The Belling-Lee connector (also type 9,52, but largely only in the context of its specification, IEC 61169, Part 2: Radio-frequency coaxial connector of type 9,52) is commonly used in Europe, parts of Southeast Asia, and Australia, to connect coaxial cables with each other and with terrestrial VHF/UHF roof antennas, antenna signal amplifiers, CATV distribution equipment, TV sets, and FM and DAB radio receivers. In these countries, it is known colloquially as an aerial connector, IEC connector, PAL connector, or simply as a TV aerial connector. It is one of the oldest coaxial connectors still commonly used in consumer devices. For television signals, the convention is that the source has a male connector and the receptor has a female connector. For FM radio signals, the convention is that the source has a female connector and the receptor has a male connector. This is more or less universally adopted with TV signals, while it is not uncommon for FM radio receivers to deviate from this, especially FM radio receivers from companies not based in the areas that use this kind of connector.

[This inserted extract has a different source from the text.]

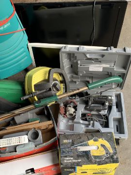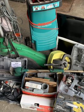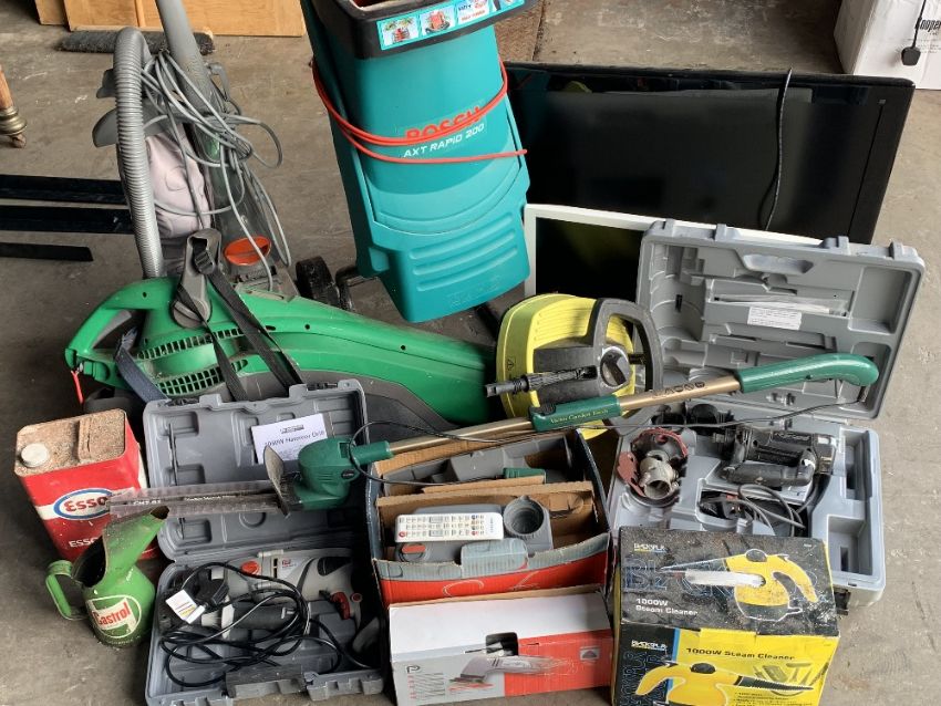 GARDEN, GARAGE & HOME ELECTRICS to include Bosch garden shredder, Samsung HD flatscreen tv, Kirby vacuum cleaner, cased power tools, ETC, E/T
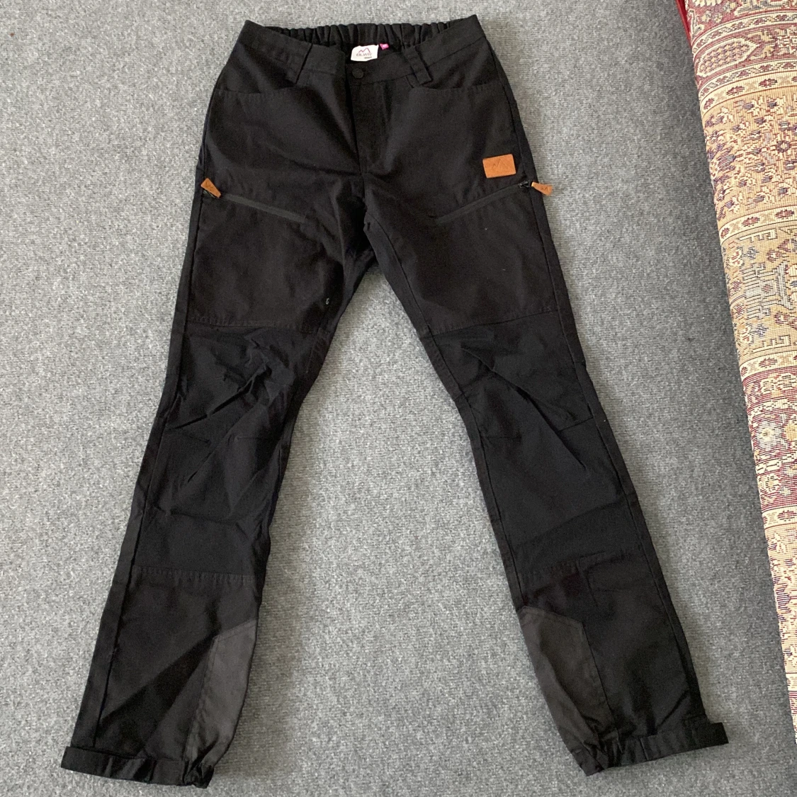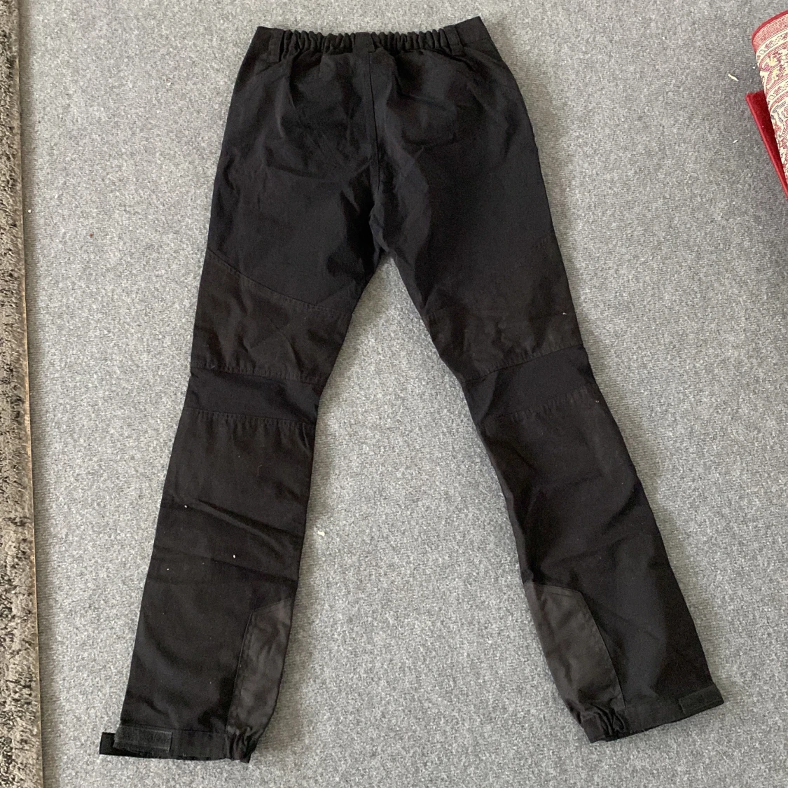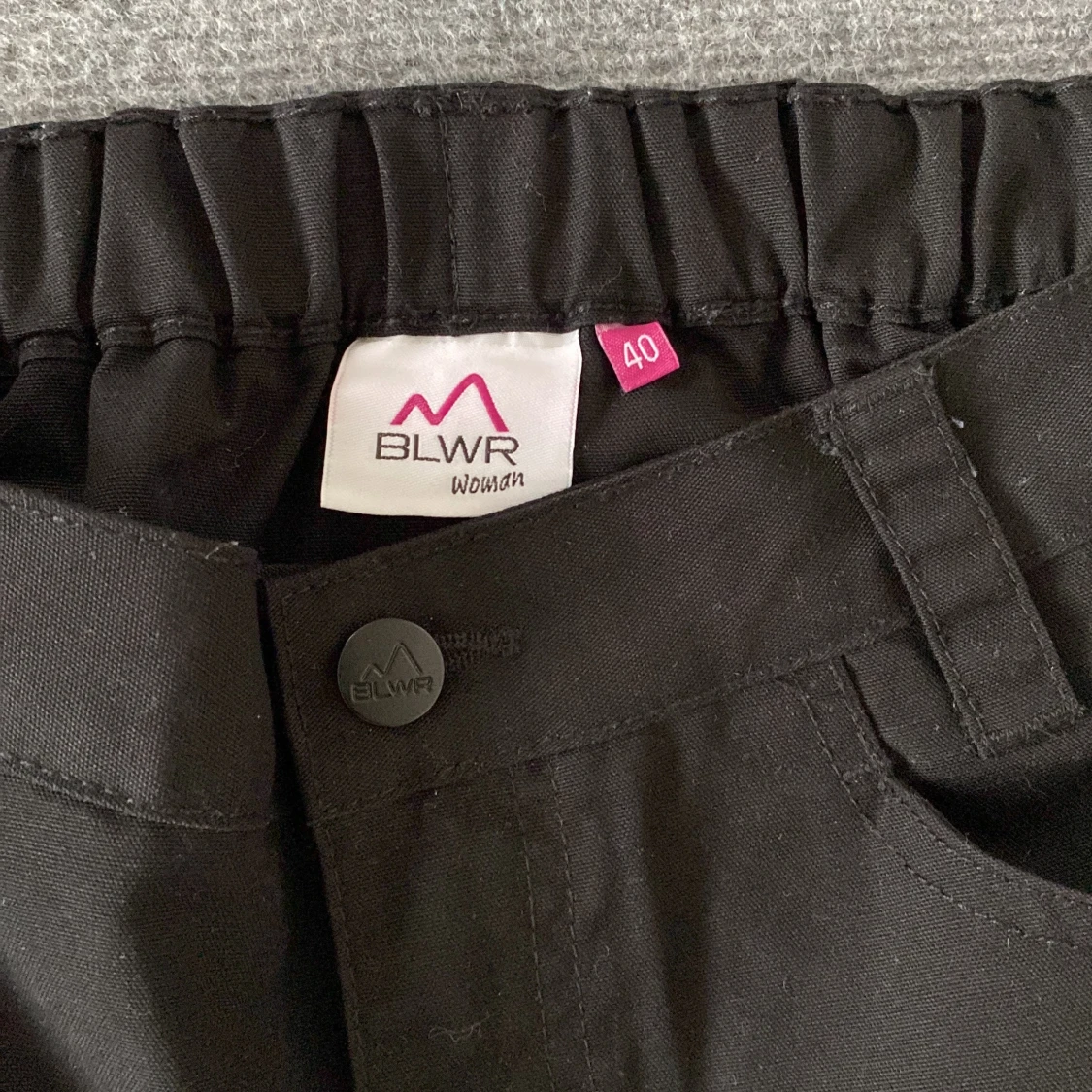 Svarta friluftsbyxor från BLWR Woman i storlek 40. Byxorna har elastisk midja, förstärkta partier vid knän och benslut, praktiska fickor med dragkedja och justerbara benslut med kardborre. Perfekta för utomhusaktiviteter och äventyr.

It was invented at Belling & Lee Ltd in Enfield, United Kingdom (Note: The Belling-Lee company was also known for its 4 mm low-voltage plugs and sockets (similar to banana connectors but much shorter, with transverse leaf-spring contacts), also fuse-, indicator lamp-, and battery holders) around 1922 at the time of the first BBC broadcasts. Originally intended for use only at MF frequencies (up to 1.6 MHz) when adopted for television they were used for frequencies as high as 957 MHz. Belling Lee Limited still exists as a wholly owned subsidiary of Dialight, since 1992.

In type 9,52, the 9,52, in French SI style, refers to the 9.525 mm male external and female internal connector body diameter.

In their most common form the connectors just slide together. There is, however, also a screw-coupled variant which is specified to have an M14×1 thread.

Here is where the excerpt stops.